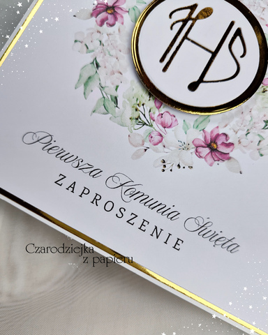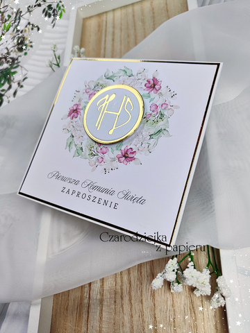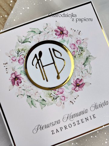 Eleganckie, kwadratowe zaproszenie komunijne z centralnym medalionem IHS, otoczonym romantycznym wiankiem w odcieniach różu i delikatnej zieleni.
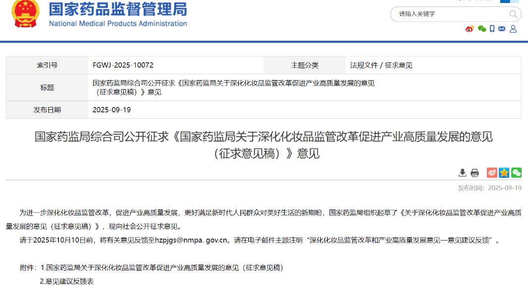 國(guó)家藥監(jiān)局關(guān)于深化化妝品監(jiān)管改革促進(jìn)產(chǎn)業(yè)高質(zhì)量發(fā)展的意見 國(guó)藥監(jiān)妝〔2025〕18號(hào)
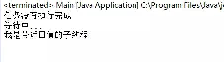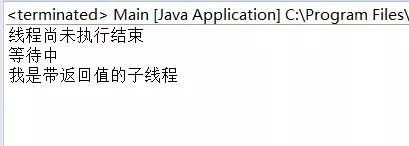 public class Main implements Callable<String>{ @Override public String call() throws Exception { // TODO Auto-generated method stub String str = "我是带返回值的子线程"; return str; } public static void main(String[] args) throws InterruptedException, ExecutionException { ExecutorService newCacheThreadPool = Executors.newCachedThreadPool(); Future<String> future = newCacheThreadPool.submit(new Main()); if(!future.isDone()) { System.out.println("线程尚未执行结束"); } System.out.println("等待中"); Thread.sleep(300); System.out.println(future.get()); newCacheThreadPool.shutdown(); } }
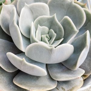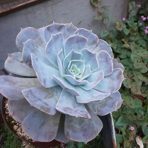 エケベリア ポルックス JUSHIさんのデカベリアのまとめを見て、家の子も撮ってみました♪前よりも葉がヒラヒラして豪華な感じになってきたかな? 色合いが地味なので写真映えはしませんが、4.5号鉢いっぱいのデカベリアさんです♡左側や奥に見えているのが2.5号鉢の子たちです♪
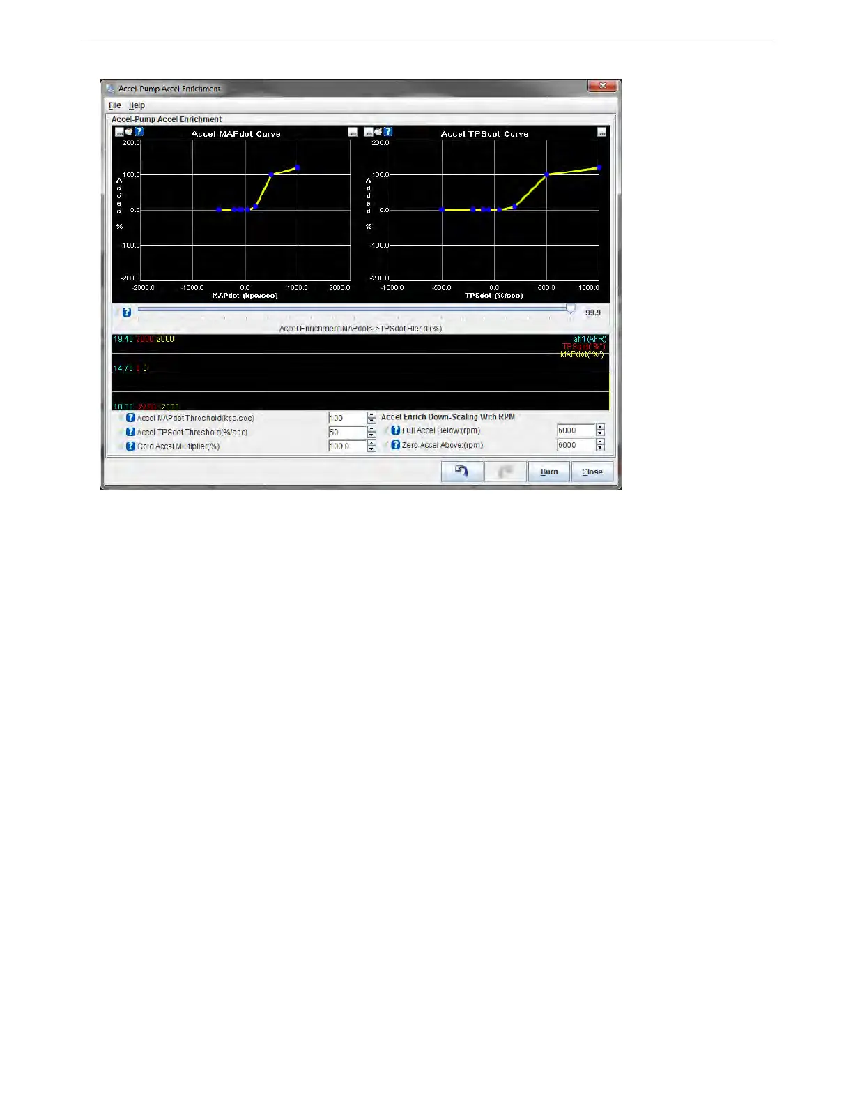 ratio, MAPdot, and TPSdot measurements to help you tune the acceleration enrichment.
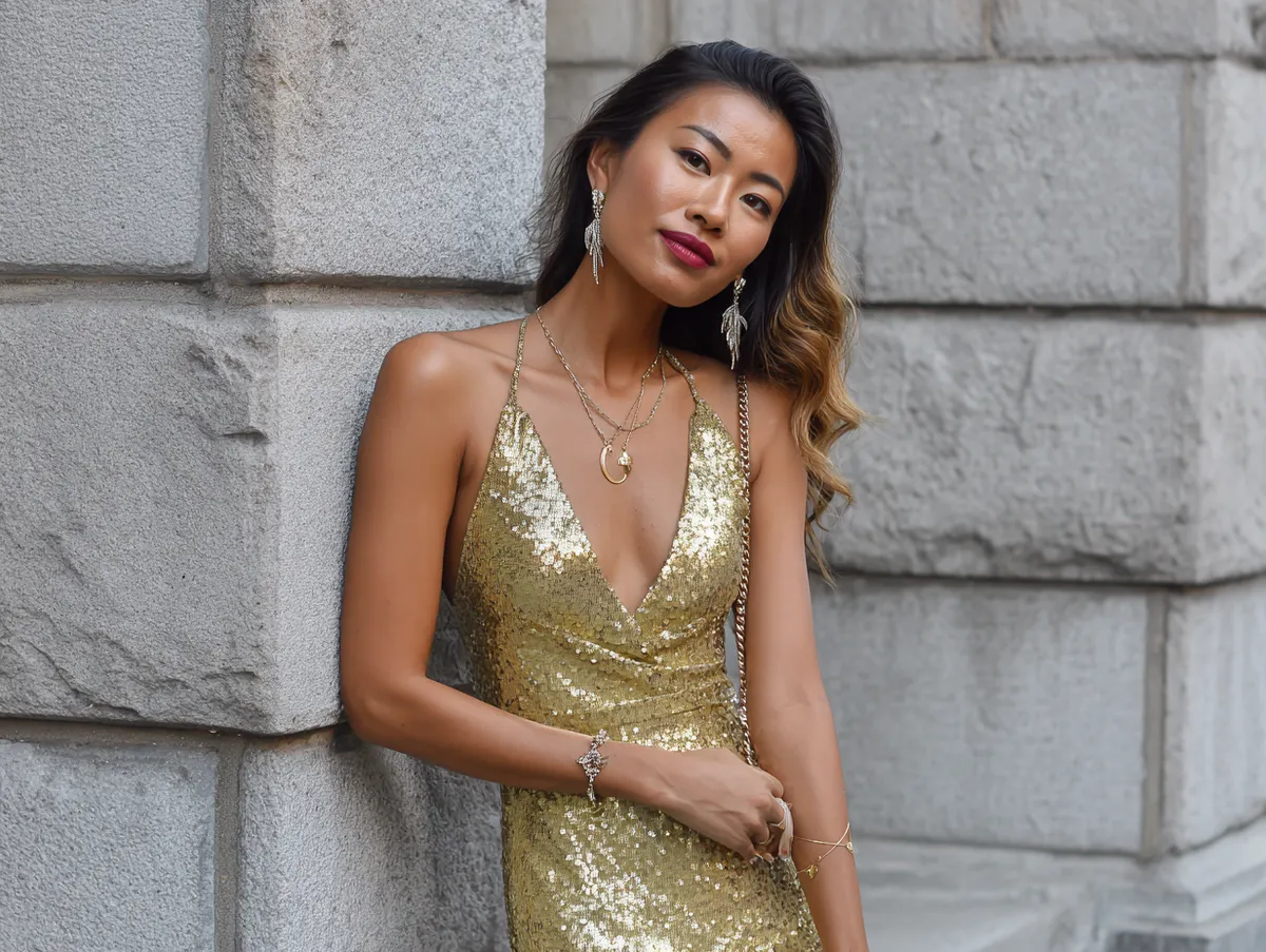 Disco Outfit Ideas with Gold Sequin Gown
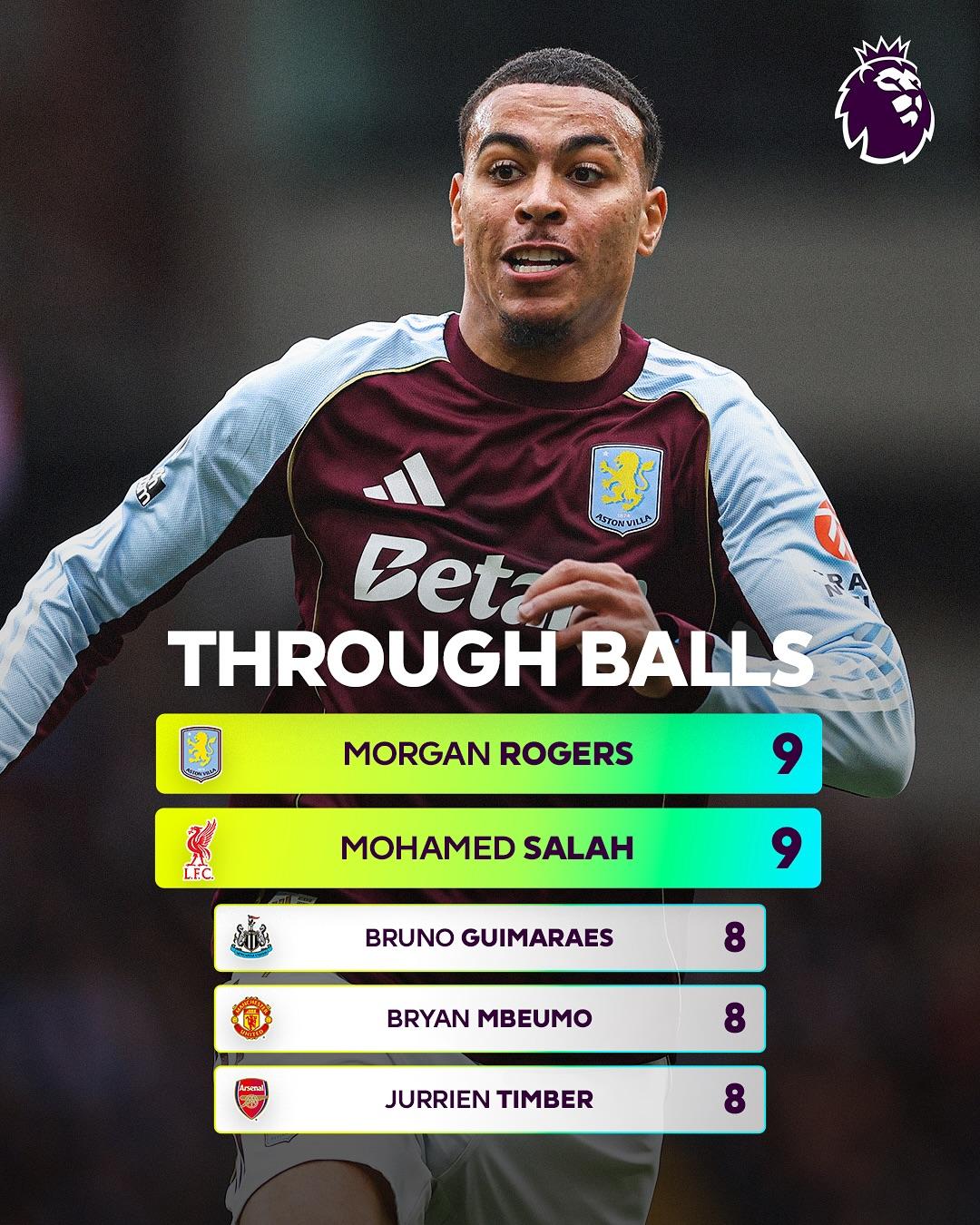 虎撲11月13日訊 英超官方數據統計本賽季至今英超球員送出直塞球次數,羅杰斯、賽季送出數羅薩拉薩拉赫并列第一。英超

## DESCRIPTION OF THE TASK
Everything in the records above must be restated verbatim, save for the pictures.

## TASK ANSWER
 Eleganckie, kwadratowe zaproszenie komunijne z centralnym medalionem IHS, otoczonym romantycznym wiankiem w odcieniach różu i delikatnej zieleni.
 國(guó)家藥監(jiān)局關(guān)于深化化妝品監(jiān)管改革促進(jìn)產(chǎn)業(yè)高質(zhì)量發(fā)展的意見 國(guó)藥監(jiān)妝〔2025〕18號(hào)
 public class Main implements Callable<String>{ @Override public String call() throws Exception { // TODO Auto-generated method stub String str = "我是带返回值的子线程"; return str; } public static void main(String[] args) throws InterruptedException, ExecutionException { ExecutorService newCacheThreadPool = Executors.newCachedThreadPool(); Future<String> future = newCacheThreadPool.submit(new Main()); if(!future.isDone()) { System.out.println("线程尚未执行结束"); } System.out.println("等待中"); Thread.sleep(300); System.out.println(future.get()); newCacheThreadPool.shutdown(); } }
 エケベリア ポルックス JUSHIさんのデカベリアのまとめを見て、家の子も撮ってみました♪前よりも葉がヒラヒラして豪華な感じになってきたかな? 色合いが地味なので写真映えはしませんが、4.5号鉢いっぱいのデカベリアさんです♡左側や奥に見えているのが2.5号鉢の子たちです♪
 ratio, MAPdot, and TPSdot measurements to help you tune the acceleration enrichment.
 Disco Outfit Ideas with Gold Sequin Gown
 虎撲11月13日訊 英超官方數據統計本賽季至今英超球員送出直塞球次數,羅杰斯、賽季送出數羅薩拉薩拉赫并列第一。英超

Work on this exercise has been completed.